I am using model = 'filipealmeida/Mistral-7B-Instruct-v0.1-sharded' and quantize it in 4_bit with the following function.
def load_quantized_model(model_name: str):
"""
:param model_name: Name or path of the model to be loaded.
:return: Loaded quantized model.
"""
bnb_config = BitsAndBytesConfig(
load_in_4bit=True,
bnb_4bit_use_double_quant=True,
bnb_4bit_quant_type="nf4",
bnb_4bit_compute_dtype=torch.bfloat16
)
model = AutoModelForCausalLM.from_pretrained(
model_name,
load_in_4bit=True,
torch_dtype=torch.bfloat16,
quantization_config=bnb_config
)
return model
When I load the file I get the following error message:
ValueError Traceback (most recent call last)
Cell In[12], line 1
----> 1 model = load_quantized_model(model_name)
Cell In[10], line 13
2 """
3 :param model_name: Name or path of the model to be loaded.
4 :return: Loaded quantized model.
5 """
6 bnb_config = BitsAndBytesConfig(
7 load_in_4bit=True,
8 bnb_4bit_use_double_quant=True,
9 bnb_4bit_quant_type="nf4",
10 bnb_4bit_compute_dtype=torch.bfloat16
11 )
---> 13 model = AutoModelForCausalLM.from_pretrained(
14 model_name,
15 load_in_4bit=True,
16 torch_dtype=torch.bfloat16,
17 quantization_config=bnb_config
18 )
20 return model
File ~/miniconda3/envs/peft/lib/python3.11/site-packages/transformers/models/auto/auto_factory.py:563, in _BaseAutoModelClass.from_pretrained(cls, pretrained_model_name_or_path, *model_args, **kwargs)
...
2981 )
2983 # preparing BitsAndBytesConfig from kwargs
2984 config_dict = {k: v for k, v in kwargs.items() if k in inspect.signature(BitsAndBytesConfig).parameters}
ValueError: You can't pass `load_in_4bit`or `load_in_8bit` as a kwarg when passing `quantization_config` argument at the same time.
Output is truncated.

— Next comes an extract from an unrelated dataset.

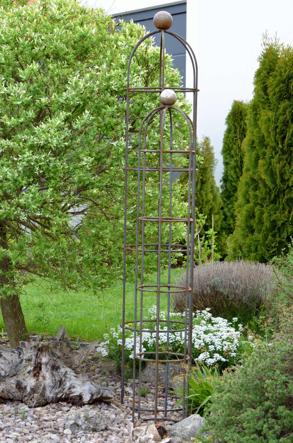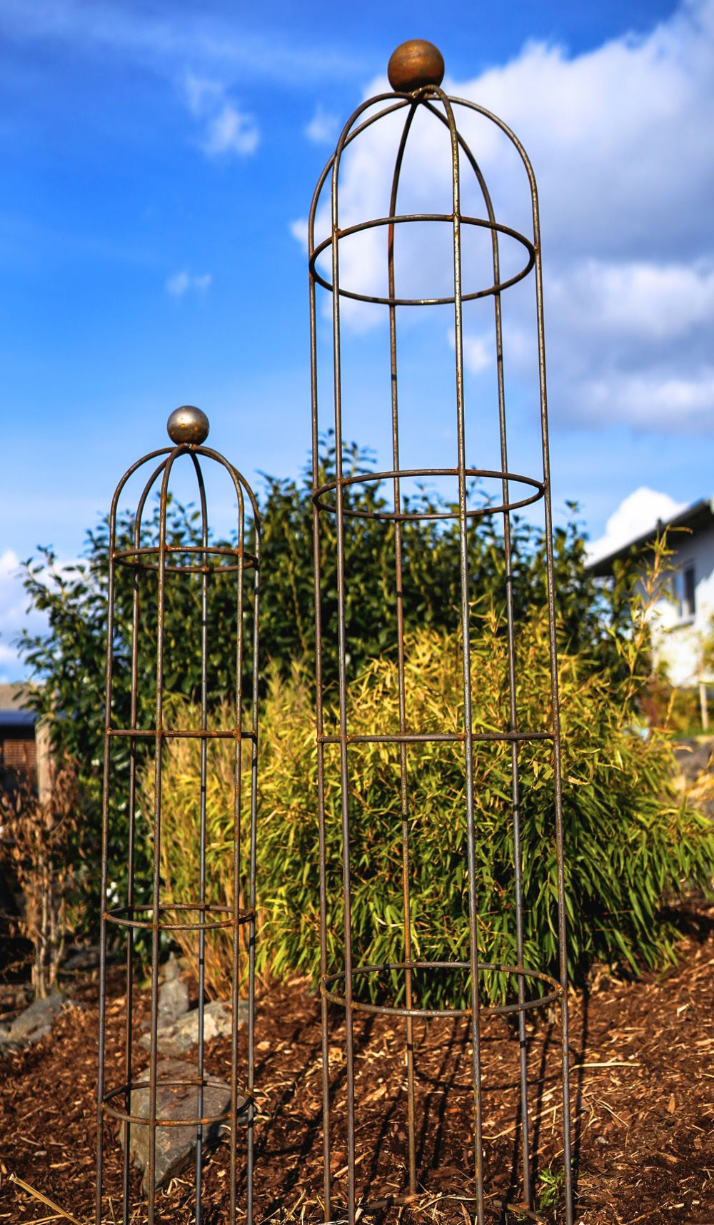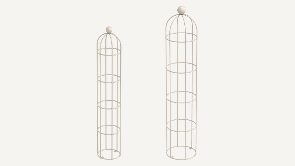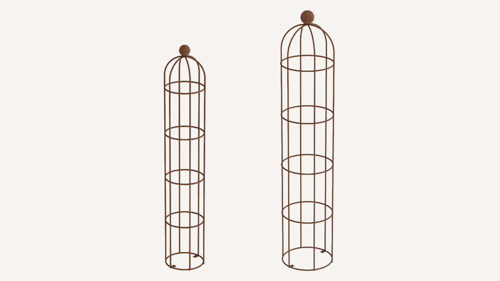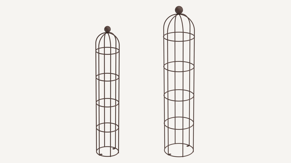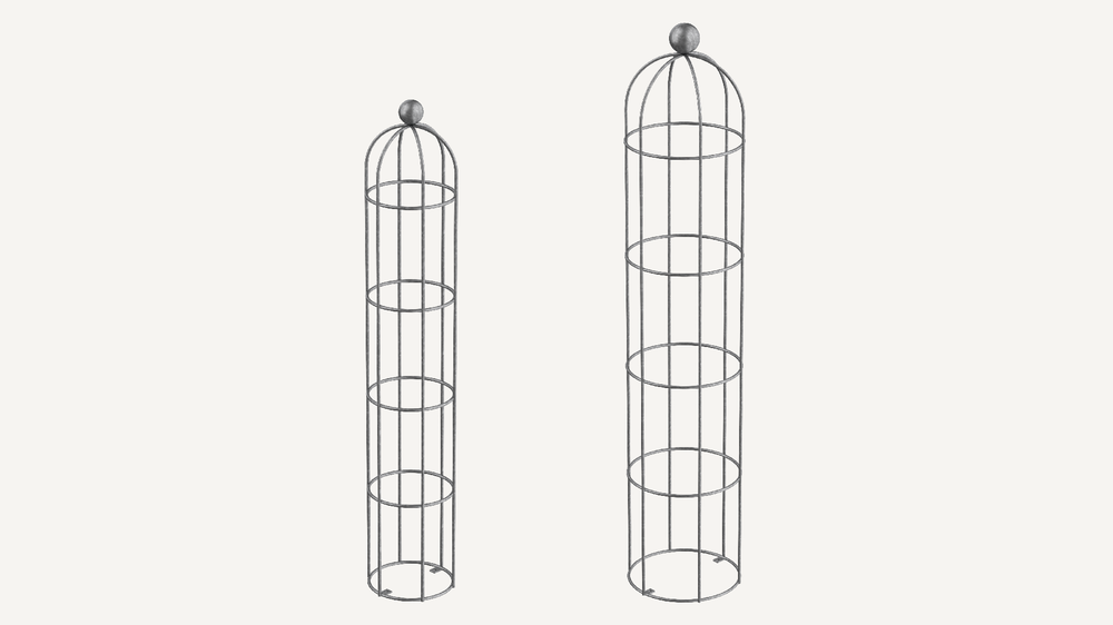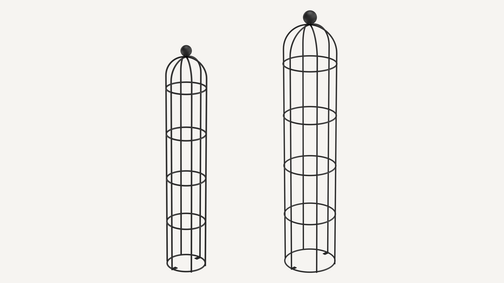Elegant, timeless climbing obelisks in a great value set of two: The sturdy "Messina" climbing supports, available in large and small sizes, are forged from high-quality metal. They feature a classic, cylindrical design. This set offers your trailing and climbing plants plenty of room for extensive growth. The overall height is 160 x 34 cm for the large "Messina" and 140 x 29 cm for the small "Messina".

View as a scrollable element or open in a text editor. Adjust cell output settings...
I checked the Class _BaseAutoModelClass.from_pretrained but I cannot find where '8_bit ' is set. What am I expected to do to have the model loaded correctly in 4-bit ?
I tried to change the bnb_config to adapt it to 8_bit but I could not solve the problem.
try to remove "load_in_4bit=True" from AutoModelForCausalLM.from_pretrained()